Маленький, большой
Смоки косо поставил в траву свой наполовину опустевший бокал и, чувствуя себя сотворенным из музыки с головы до пят, уткнулся головой в колени Элис. Краем глаза он случайно увидел, как двоюродная бабушка Клауд беседует у озера с двумя людьми, которые показались ему знакомыми, но в первый момент он никак не мог вспомнить, где их видел, хотя и был крайне удивлен их присутствием здесь. Мужчина, раскуривая трубку, округлил большой, как у рыбы, рот и помог своей жене забраться в гребную шлюпку.
Мардж и Джефф Джуниперы.
Смоки заглянул в безмятежно-умиротворенное лицо Дейли Элис, недоумевая, почему все сегодняшние тайны, которые становились все запутанней, вызывают в нем все меньшее желание их расследовать.
— То, что делает нас счастливыми, — сказал он, — делает нас мудрыми.

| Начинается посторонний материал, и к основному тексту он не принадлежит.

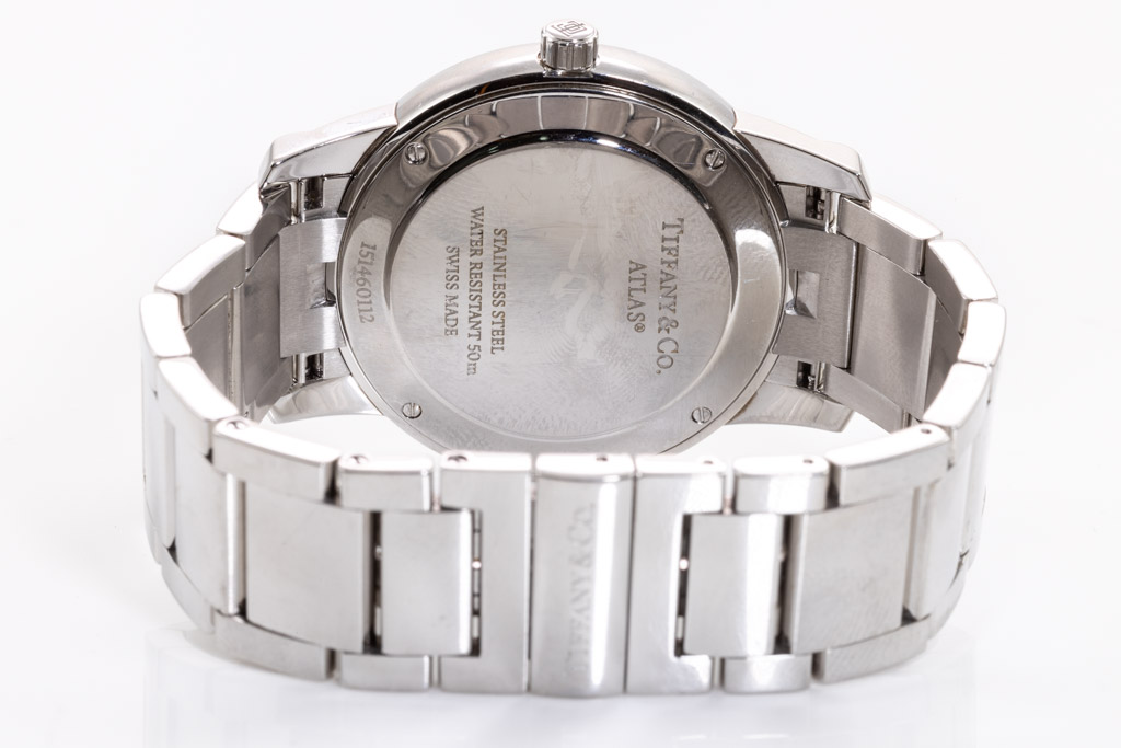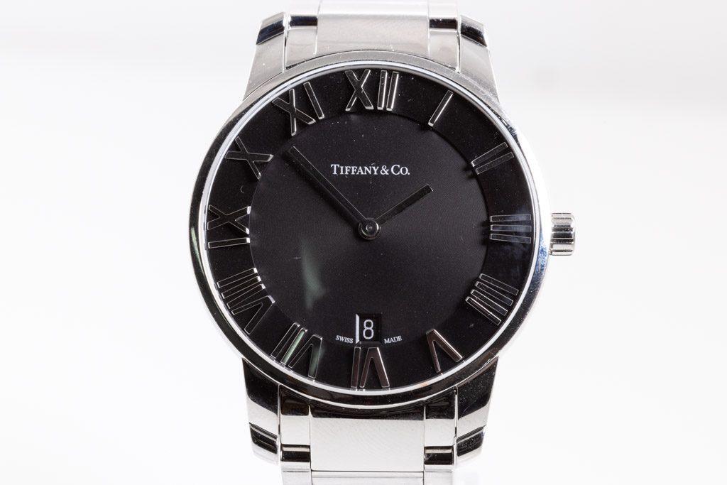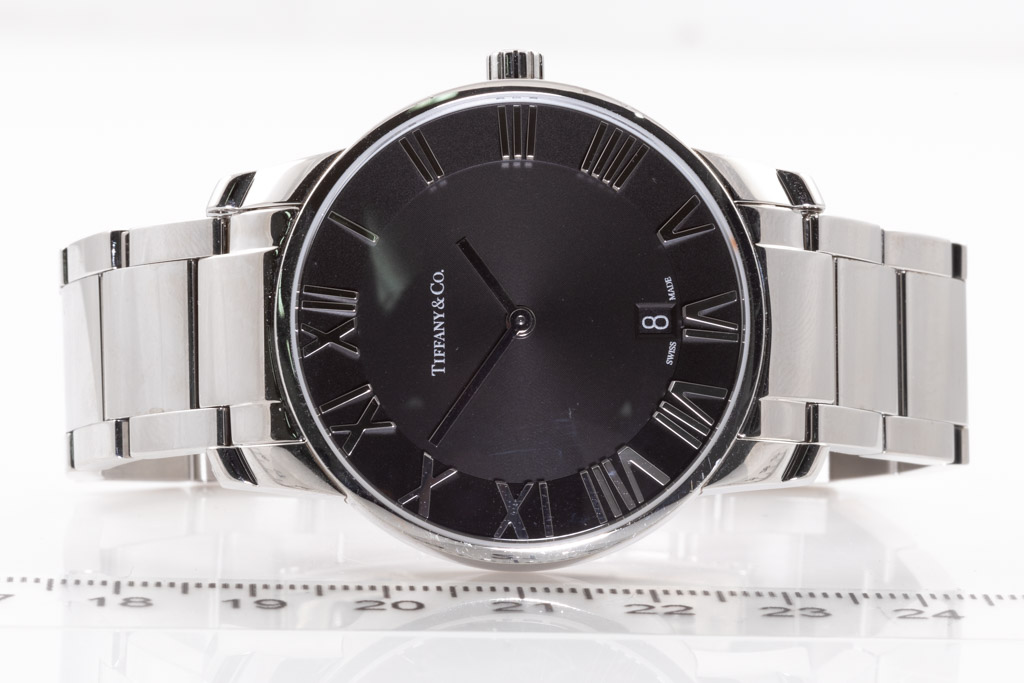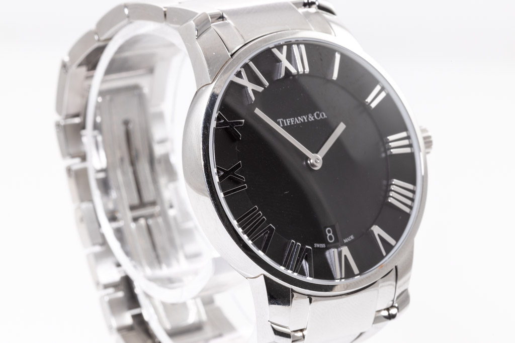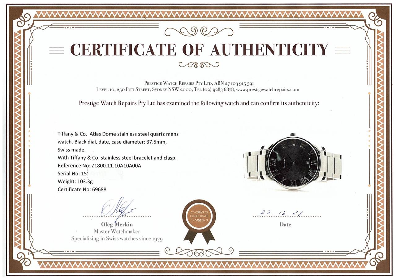 Tiffany & Co. Atlas Dome stainless steel quartz mens watch. Black dial, date, case diameter: 37.5mm, wrist size: 15.5cm, Swiss made. Ref# Z1800.11.10A10A00A. With Tiffany & Co. stainless steel bracelet and clasp. With Certificate of Authenticity. 3 month FSA warranty. (Pre-owned)

Дейли Элис улыбнулась и кивнула, да и кто мог с этим поспорить: старые истины и несут в себе настоящую правду.
Уединенная жизньСофи отстала от своих родителей, когда они шли рука об руку по тропинке через затихающий лес, спокойно беседуя о событиях минувшего дня, как обычно делают родители, если их старшая дочь только что вышла замуж. Она свернула на едва приметную тропинку, которая вела в прямо противоположную сторону. Пока Софи шла, начали сгущаться сумерки, хотя казалось, что темнота не опускается, а, наоборот, поднимается снизу, от земли, заливая чернотой бархатистую оборотную сторону листьев густых папоротников. День ускользал прямо из рук Софи: постепенно они становились почти неразличимыми; тьма отняла жизнь, а потом и свет у букетика цветов, который она, сама не зная зачем, все еще несла с собой. Но она чувствовала, что голова ее как бы плывет над поднимавшейся темнотой, пока тропинка, по которой она шла, не слилась с темнотой и Софи, вдохнув вечернюю прохладу, не окунулась во мглу по самую макушку. Далее вечер добрался до невидимых птиц, приглушив поодиночке участников неистовой перепалки, и в воздухе повисло полное шепотков безмолвие. Хотя небо еще голубело почти как днем, но тропинка исчезла из-под ног Софи, и она начала спотыкаться. Появился первый светлячок, словно заступил на пост. Сделав шаг вперед, Софи согнула ногу в колене и за каблук стянула правую туфлю, перескочила на босую ногу, стянула левую и, не особенно раздумывая, поставила их на камень в надежде, что роса не испортит атласную ткань.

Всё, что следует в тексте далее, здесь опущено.